Scanning electron micrographs of the hydrogels surfaces at a magnification of 400×: (a) H0.5; (b) H1; (c) H2.5; (d) H5.

2.3. X-ray Diffraction of TTUCS Hydrogels

X-ray diffraction was employed to study the effect of cross-linking on the hydrogel morphology, and the powder X-ray diffractograms of chitosan and its hydrogels are presented in Figure 3a–e. From Figure 3a it can be seen that the two peaks showing the maximum intensity were obtained at 2θ = 31.6° and 2θ = 45.4°, indicating that chitosan is highly crystalline in nature. The incorporation of the cross-linker into chitosan severely decreases the intensity of both the peaks; that is, almost no peaks are obtained, which is clearly visible in Figure 3b–e. The cross-linked chitosan hydrogels showed an almost amorphous nature since the functional groups of chitosan underwent significant change after cross-linking. This suggested that a large number of hydrogen bonds in the chitosan powder was destroyed after crosslinking via NH2 groups, which efficiently destroyed the regularity of the packing of the original chitosan chains and resulted in the formation of amorphous hydrogels.

Figure 3

Powder X-ray diffraction of chitosan and its hydrogels: (a) Chitosan; (b) H0.5; (c) H1; (d) H2.5; (e) H5.

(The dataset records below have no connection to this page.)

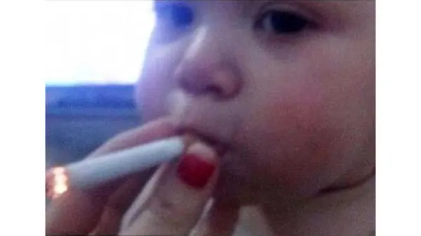 مادر این کودک در حالیکه می خندد سیگار خود را در مقابل دهان فرزندش قرار داده و به او اجازه می دهد تا سیگار بکشد.
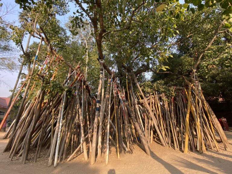 את המקדש השני ברשימתי היה הרבה יותר מאתגר למצוא. נסיעה בין שדות ומטעי דקלים. שבילים לא שבילים. כמעט שויתרנו אך פתאום מצאנו עצמנו מול מקדשון מצחיק Wat Lai Hin.
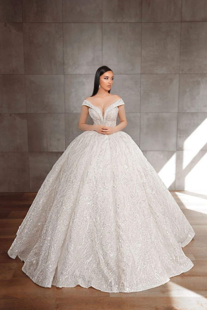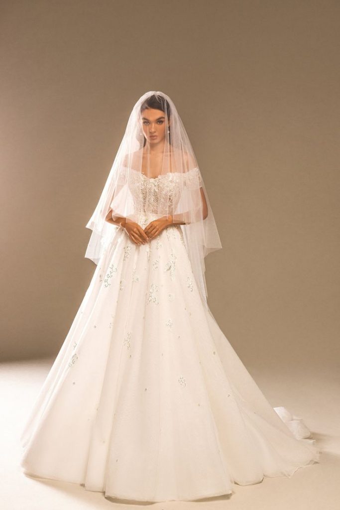 Drama unfolds with this striking ethereal wedding dress that combines a deep off-shoulder neckline with a sweeping skirt. It’s a gown fit for a dramatic entrance, leaving an impression of timeless beauty.

2.4. Solubility and Solvent Uptake Capacity of the Hydrogels

It is well known that chitosan is insoluble in both water and common organic solvents, but is readily soluble in dilute acetic acid solution to yield a hydrogel dissolved in an aqueous medium. Hence the solubility of the new hydrogels was studied in different solvents at room temperature. The results show that all the hydrogels are insoluble in acetic acid solution (1% v/v), DMF, DMSO, THF, NMP, chloroform, methylene chloride, acetone and methanol since no soluble fractions of all the hydrogels were obtained.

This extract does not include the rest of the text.